ARSC T3D Users' Newsletter 101, August 23, 1996
ARSC Upgrades to UNICOS MAX 1.3.0.2
Last Tuesday, we upgraded the T3D's MAX operating system from version 1.2.0.5 to version 1.3.0.2. This upgrade should be transparent, but you should recompile and relink all of your your T3D executables as it affects include and library files as well as kernel routines and the user environment.
Here are the release contents for both MAX 1.3.0.0 and 1.3.0.2. In each case, point #1 is the most important.
Release contents
----------------
The UNICOS MAX 1.3.0.0 release includes the following changes:
1) Added a series of fixes designed to enhance system stability
2) Added support for preallocation of the roll file
3) Added binary executables for SAM, mppview, and URM
4) Added support for Phase III I/O
Release contents
----------------
The UNICOS MAX 1.3.0.2 release includes the following changes:
1) Added a series of fixes designed to enhance system stability
2) Added some improvements to the XDR routines, primarily to improve
the performance by converting numbers in large blocks. This allows
the conversion to vectorize on PVP systems and to execute in a small
(icache) loop on MPP systems.
Use f90 for Loopmark Listings of T3D Codes
If you use the "-rm" flag, CRI's f90 compiler will create a listing file with loops marked and optimizations explained. It can provide this for either T3D or Y-MP compilations. This is a big improvement over cf77, which only does "loopmark listing" of Y-MP compiles.It's nice to know how a compiler alters your code when it optimizes it. Some optimizations reduce precision.
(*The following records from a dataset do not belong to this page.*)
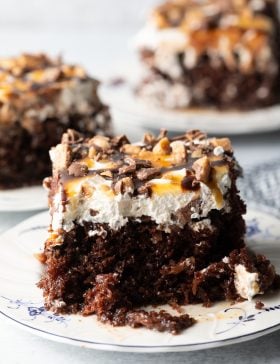 Retro Better Than Sex Cake – This classic poke cake recipe is made with Devil’s food cake mix, shredded coconut, whipped topping, caramel, and...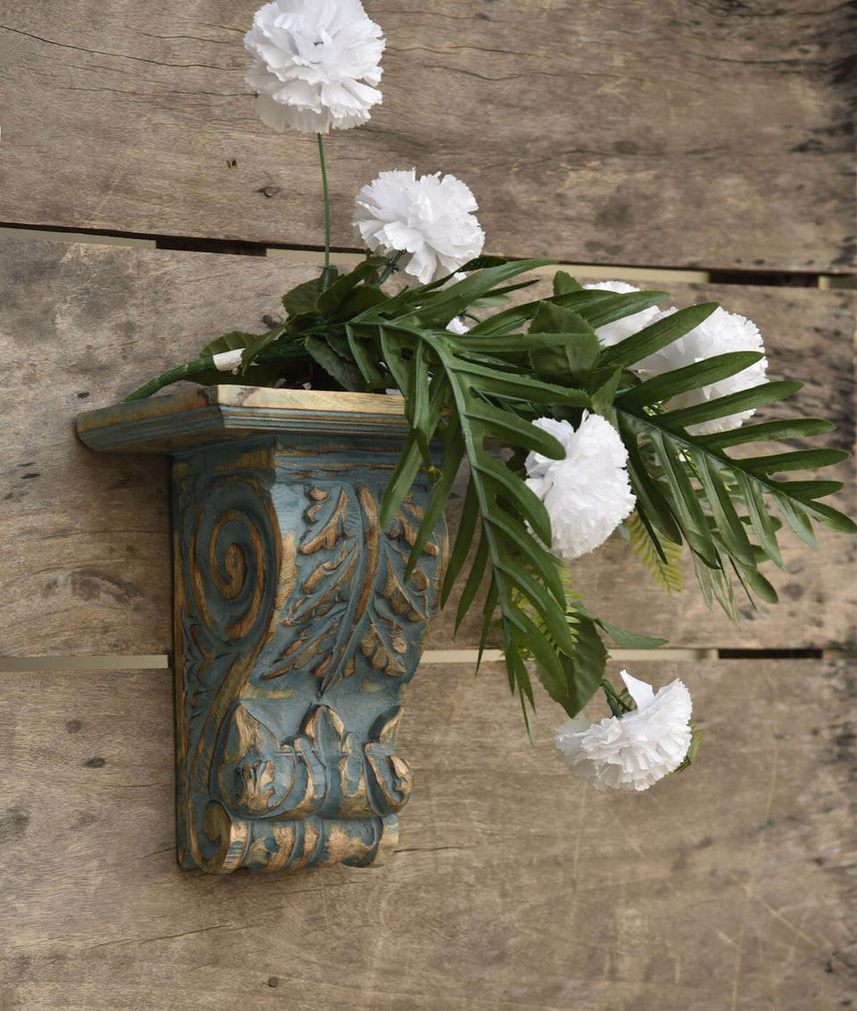 The rustic wooden wall bracket in teal blue gains its grandeur with the baroque carvings. It's a functional shelf and at the same time an art piece.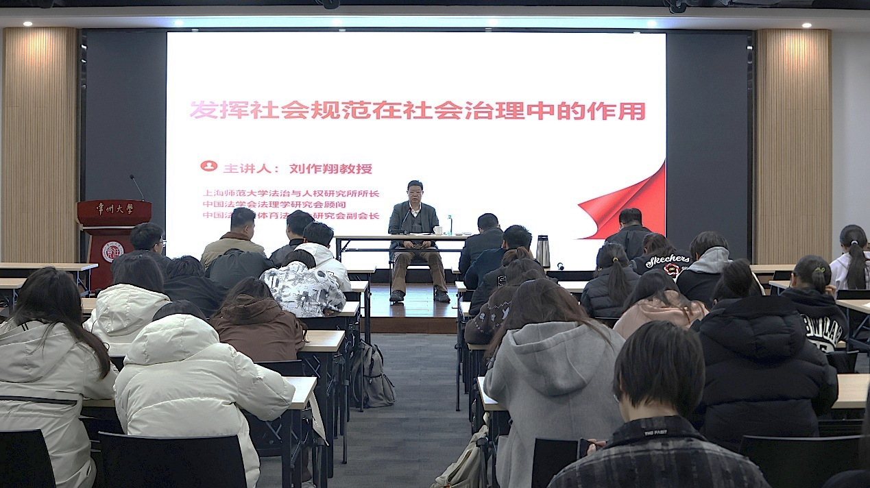 为深化法学专业学生对法治社会建设的理论认识,拓展学术研究视野,3月23日晚,史良法学院于西太湖校区立言楼458举办“发挥社会规范在社会治理中的作用”学术讲座。本次讲座由上海师范大学法治与人权研究所所长、中国法学会法理学研究会顾问刘作翔教授主讲,史良法学院院长张建主持,学院法学专业24级全体本科生参加。 张建首先向在场学生介绍了刘作翔教授的学术成就与研究领域,指出本次讲座主题紧贴法治社会建设前沿,对同学们的专业学习具有重要指导意义。刘作翔结合党的二十届三中全会、党的二十大报告等中央文件,围绕法治社会建设的政策背景与社会规范内涵展开讲解,深入阐释了“社会法治建设”在全面依法治国中的定位,强调社会规范建设是推进依法治理的重要抓手。他还结合典型案例,厘清了法律规范与社会规范的边界,指出社会规范虽无国家强制力,但必须契合法治精神,这是实现社会自我约束的重要补充。讲座最后,刘作翔与在场学生进行了互动交流。 本次讲座内容翔实、逻辑清晰,为师生们搭建了专业交流的平台,进一步拓宽了同学们的学术视野,深化了对社会规范与法治社会建设内在关联的理解,为今后的专业学习与研究实践提供了有益启发。(通讯员/毛安竹 审核/王禄佳)

Others, if you mislead the compiler (for instance, telling the Y-MP compiler to ignore vector dependencies when it shouldn't) can lead to incorrect results.
In Newsletter #99, I gave a program which timed the following loop:
ccc
parameter (N=1000000)
a = K ! A constant
x = a
do i=1,N
x = x * a
enddo
ccc
When I compiled it for the T3D and Y-MP by setting the TARGET environment variable accordingly and then using the cf77 commands:
T3D: "cf77 prog.f -o t3d.exe" Y-MP: "cf77 prog.f -o ymp.exe"
I was surprised by the timings:
T3D: 200,000 mflop/s Y-MP: 150 mflop/s
It was easy to find out what the Y-MP compiler had done, as a recompile with the cf77 flag, -Wf"-em":
Y-MP: "cf77 -Wf"-em" prog.f -o ymp.exe"
produced a "loopmark listing" which showed that the loop had vectorized. Good enough.
I assumed that the T3D compiler had actually eliminated the loop, but as "loopmark listing" is not available under cf77 for T3D codes, I didn't know how to prove it. Eventually, I discovered that I could recompile with the -Wf"-cm" flag:
T3D: "cf77 -Wf"-cm" prog.f -o t3d.exe"
which produced a CIF (Compiler Information File). CIF's contain human unreadable data, but in the CIF manual, I found a C program which extracts "compiler messages" from CIFs. I copied, compiled, and ran this C program on my CIF to get the following information:
"message at line 22: A loop was eliminated by optimization."
This was moderately satisfying, at best. As far as I know, it's the most information on T3D optimizations you can get from the cf77 compiling system (if anyone knows a better way, let me know, and I'll pass it on).
The solution I found was to use f90.
In f90, you can compile with the same flags for either T3D or Y-MP to get various human readable listing files. For instance:
T3D: "f90 -rm loops.f -o loops" Y-MP: "f90 -rm loops.f -o loops"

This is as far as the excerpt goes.